I wasn’t sure if she meant about the cat who’d escaped the round-up or the cops, who’d missed whatever evidence she’d hoped to find. The first had my complete sympathy, but I still hadn’t heard her reasons for the second.
“Don’t do anything, at least not without letting me know first.” That was a non-answer, I knew, but it seemed to work. Smiling once more, she accepted one of my cards before she took off down the driveway, top heavy with a happy cat who no longer had a care in the world.
mmm
Thinking about Sibley and wondering about the fate of his former housemates, I too took my leave, driving to the shelter across the river where the bulk of Lillian’s cats had been taken. Clean, if somewhat sterile, the low brick building housed a well-lit public area with cages of animals up for adoption. Index cards posted on the front of each unit listed the animals’ names and special needs, if any. Several were decorated with smiley faces and stars, as well as notes reminding potential pet parents that older animals make great pets, too.
“Hi, Sandra, is Rachel in?” I’d been on a first-name basis with most of the shelter staff since last month, when I spent a weekend reporting a Sunday piece. The glossy story, accompanied by heartbreaking photos, had brought in a flood of donations and helped a few animals, the featured ones at least, find new homes.
Sandra buzzed me in, and I opened the glass-windowed door to the shelter’s working rooms. Reaching automatically for the disinfecting hand cleanser, I wiped my hands together to spread the alcohol gel as I peered into the separate isolation rooms seeking the vet.
“I got your call,” the tall brunette greeted me as she came out of a room of cages and reached for yet another plastic dispenser of cleanser. “I’m glad you’ve gotten another kitten!”
“It’s not an adoption,” I stopped her cold. “It’s a foster situation.

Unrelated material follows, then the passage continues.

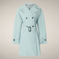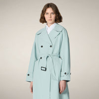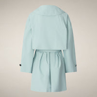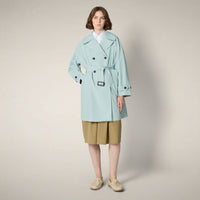 L’impermeabile da donna modello Livia dà colore ai giorni più grigi con la delicata nuance azzurra. Il taglio doppiopetto, la cintura regolabile in vita e i bottoni sui polsi definiscono la silhouette di ispirazione trench, mentre il logo tono su tono completa la manica sinistra. Nato per la pioggia estiva, veste leggero e impeccabile anche a cielo sereno.

This is one from that house that I hear got dumped on you.”
“Do you think she’s sick?” The vet looked concerned. Young kittens too small for vaccines can quickly sicken and die from such common illnesses as distemper, but not so quickly that they don’t bring an entire neighborhood—or shelter’s worth—of litters down with them. “Vomiting? Diarrhea?”
“No, it’s her leg,” I answered, describing the kitten’s limp and following Rachel into another isolation room. I kept talking as she opened a cage where a mother and her kittens were waiting out their days before they could be moved to the adoption center out front. “Plus, she probably needs worming, ear mite drops, and treatment for whatever else you’re finding on the cats from that house.”
“Bring her by tomorrow. I’ll see her on my lunch break, around one,” said Rachel, examining one mewling little guy. She looked first in his eyes, which had a bit of gunk on them, then turned the complaining kit upside down to examine his healing navel and then his bottom, which his mother had cleaned well. “But you’d be surprised. Those cats seem in great shape. I’d been warned—Officer D’Amato in Animal Control had called me—that it was possibly a hoarding situation and there were a lot of cats. But they’re all well fed and none of them seems dehydrated. Most of them have been neutered, too. We’ve got some fleas.” She replaced the kitten and picked up his sister. “It’s finally warm enough for the outdoor cats to be getting them. But unless the blood tests come back with something unexpected, I think that entire lot is all moving on to adoption.”
On that happy note, I took myself home, picking up food for Musetta and myself along the way. Parking in Cambridge, a city of tow zones and regular street cleaning, can be a challenge, with temporary No Parking signs sprouting like mushrooms after a rain. Despite one such notice warning of a mover’s van and another for repaving, I found a spot less than a block from my building. As I balanced the bags to unlock the door, I heard the impatient mew of welcome. Raising one foot to do the kitty-blocking maneuver I’d perfected with James, I felt that life, finally, might be going my way.
mmm
The first message on my answering machine burst that bubble.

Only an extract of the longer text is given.